> _PROBLEM TO SOLVE_:
Leaving out each picture, transcribe the lines of the listing below exactly from the first through the line that contains "绿茵资讯! ★2025年度各".

> _DATA BLOCK_:
-*-

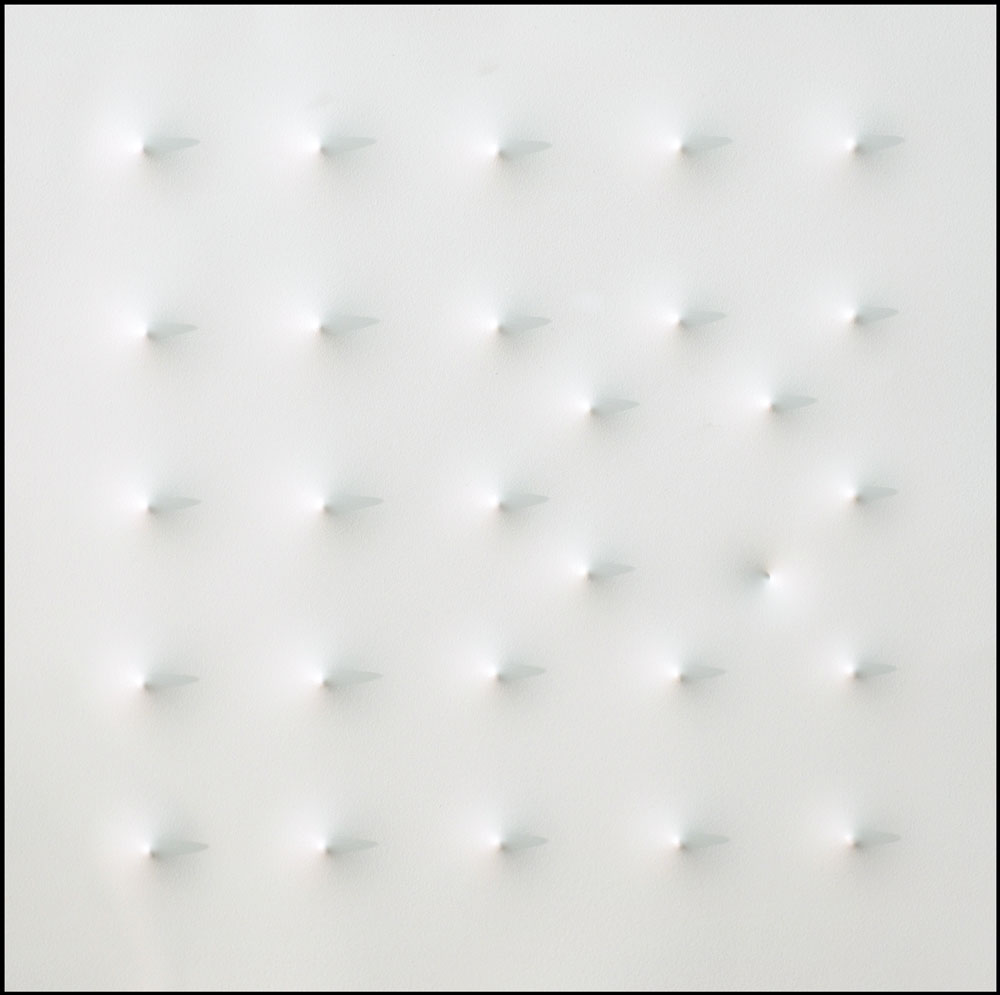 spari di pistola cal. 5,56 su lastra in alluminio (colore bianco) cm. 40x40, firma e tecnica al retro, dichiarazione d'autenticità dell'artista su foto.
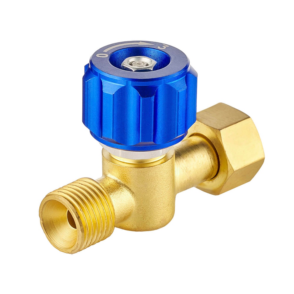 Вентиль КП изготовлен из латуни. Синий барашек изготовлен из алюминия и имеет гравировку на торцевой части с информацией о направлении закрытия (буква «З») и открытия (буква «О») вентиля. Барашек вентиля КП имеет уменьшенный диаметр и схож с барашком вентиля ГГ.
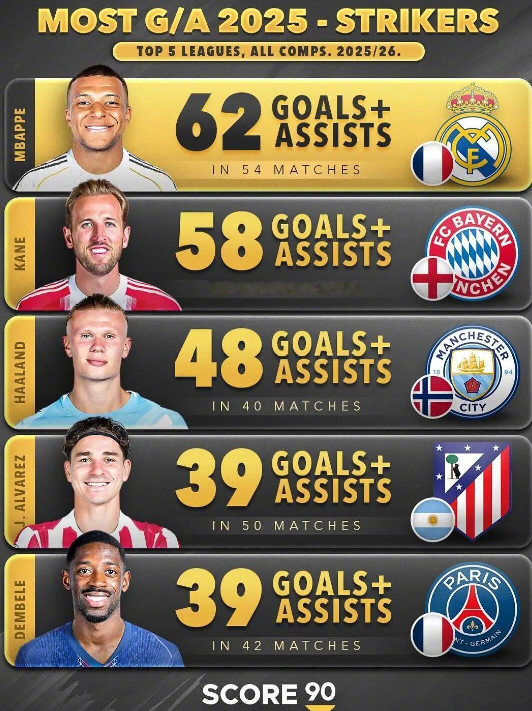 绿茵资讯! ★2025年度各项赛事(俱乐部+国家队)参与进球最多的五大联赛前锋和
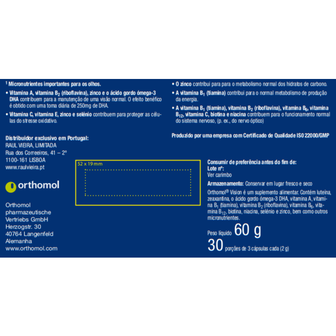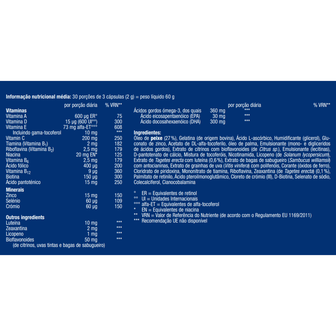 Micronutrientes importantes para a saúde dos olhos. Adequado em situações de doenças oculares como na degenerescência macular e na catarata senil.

-*-

> _RESPONSE TO THE TASK_:
 spari di pistola cal. 5,56 su lastra in alluminio (colore bianco) cm. 40x40, firma e tecnica al retro, dichiarazione d'autenticità dell'artista su foto.
 Вентиль КП изготовлен из латуни. Синий барашек изготовлен из алюминия и имеет гравировку на торцевой части с информацией о направлении закрытия (буква «З») и открытия (буква «О») вентиля. Барашек вентиля КП имеет уменьшенный диаметр и схож с барашком вентиля ГГ.
 绿茵资讯! ★2025年度各项赛事(俱乐部+国家队)参与进球最多的五大联赛前锋和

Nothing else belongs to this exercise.